I’ll never forget the feeling.
It was 5am, the morning light still hiding behind Lake Michigan. A nurse wheeled my newborn daughter back into the dark hospital room where I had been sleeping since the delivery. My daughter was swaddled up into the tiniest possible cocoon and snoozing peacefully. I opened my eyes groggily and complete joy and disbelief washed over me. “She’s mine,” I thought. “That is my little baby.”
I was sure I was experiencing the instant love so many mothers gush about. And perhaps I was, for a brief moment. But as the days went on and I slipped into postpartum depression, I realised I was one of those mums, the ones who don’t feel a deep connection to their baby. The realisation was crushing. I felt at once ashamed, disappointed and alarmed. I loved my baby, but I didn’t feel in love with her the way I expected to and the way I know many mothers genuinely do.
My whole life I’d heard a mother’s love described in a myriad of ways: instant, natural, beautiful, unimaginable, without compare, beyond belief, all-encompassing, life-changing, nirvana-achieving. I’d never heard of it described the way I was experiencing it: complicated, scary and, worst of all, average. I thought my daughter was adorable and an incredible gift, but I didn’t feel a love that rocked me to the core. I felt exhausted from lack of sleep, overwhelmed by her constant needs and sure that anyone else could do a better job of being her mother, a classic symptom of postpartum depression. I felt like I was going through the motions — outwardly nurturing, while ambivalence lurked beneath the surface.
Meanwhile, my husband bonded with her the way I had expected I would. He was enamoured from the start, and I envied how easily it came to him. When I watched him with her, I wondered if I could ever get there. I worried I never would. I tortured myself with questions that, in hindsight, were a form of punishment. “Do I love my husband more than my child?” and “Do I even love her at all?” I asked these questions off and on for months, due in part to sleep deprivation, depression and my fear of change.
At this point, you might expect me to reveal a magical moment where I looked into my daughter’s eyes and everything suddenly clicked into place. But I didn’t have a moment like that.
Instead, I gave up.
I let go…
I let go of expectations and focused on the moment. I knew I loved my daughter, and that was enough.
I accepted…
I accepted the reality of postpartum depression and slowly forgave myself for allowing it to rob me of a joyful season in life.
I stopped…
I stopped comparing my experience of motherhood to that of others. Well, at least I tried very, very hard not to. If a social media post made me feel like a failure, I unfollowed. I wrote down how I felt and read articles from other women who had similar experiences – there are a lot more out there than I expected.
I opened up…
I opened up to family and friends. I was brutally honest about how much I was struggling and how hard it was to not feel the new-mum euphoria. The kindness and support I received from other mums and non-mums alike lifted me up when I needed it most.
I took care…
I took care of myself. They say you can’t love someone until you love yourself, and it’s true. The more I practiced self-care (enjoying a cup of coffee at work, going to bed early instead of doing the laundry, going for a run), the happier I became and the better mother I became.
I did all of this, and when I wasn’t looking, I fell in love.
My love for my daughter was like a sunrise: a slow and sure progression. While I was still enveloped in darkness, I doubted the sun would ever peak above the horizon. But before I knew it, I was basking in its complete radiance. Somewhere between my postpartum haze and the present, a million little moments — highs and lows, laughter and tears — have collectively carved a permanent place in my heart I didn’t know I had room for.

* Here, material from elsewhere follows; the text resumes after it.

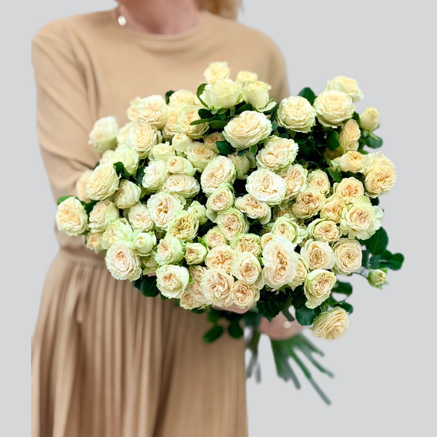 25 роз пионовидных кустовых Саммер Роуз кремовая
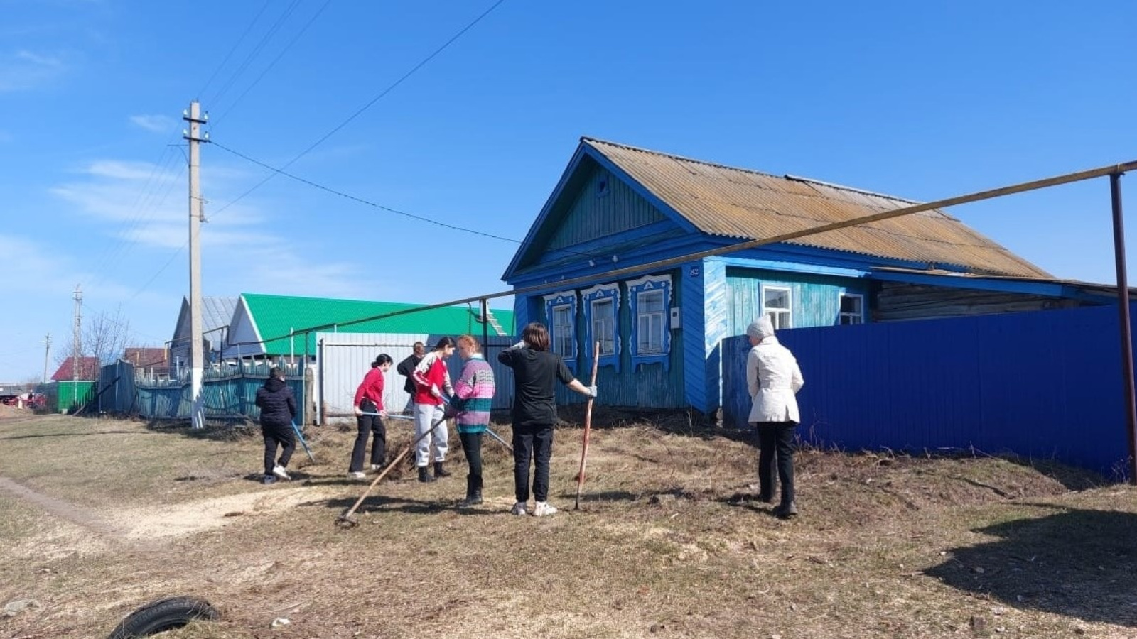 Доброе дело. Очистка территории. Ученики 8 и 10 классов МБОУ "Борискинская СОШ" убрали территорию около дома Амукова Константина, который ушёл добровольцем на СВО в августе 2022 г

While I watched her crawl for the first time, our bond grew. While I rocked her back to sleep at 3 am, wondering whether it was possible to die from lack of sleep, our bond grew. First giggle, first steps, first word, fourth tooth, eighth illness, fiftieth meltdown, one-hundredth snuggle…Throughout it all, our bond grew and grew and grew, until it became something deeper than I’ve ever felt in my life.
A year in and my love for her is bordering on addiction. I live my life for her; I would give my life for her. I cry just typing these sentences because it’s the most real thing I’ve ever felt, and it’s hard to believe I ever worried I couldn’t or wouldn’t get here. You’ll get there, too.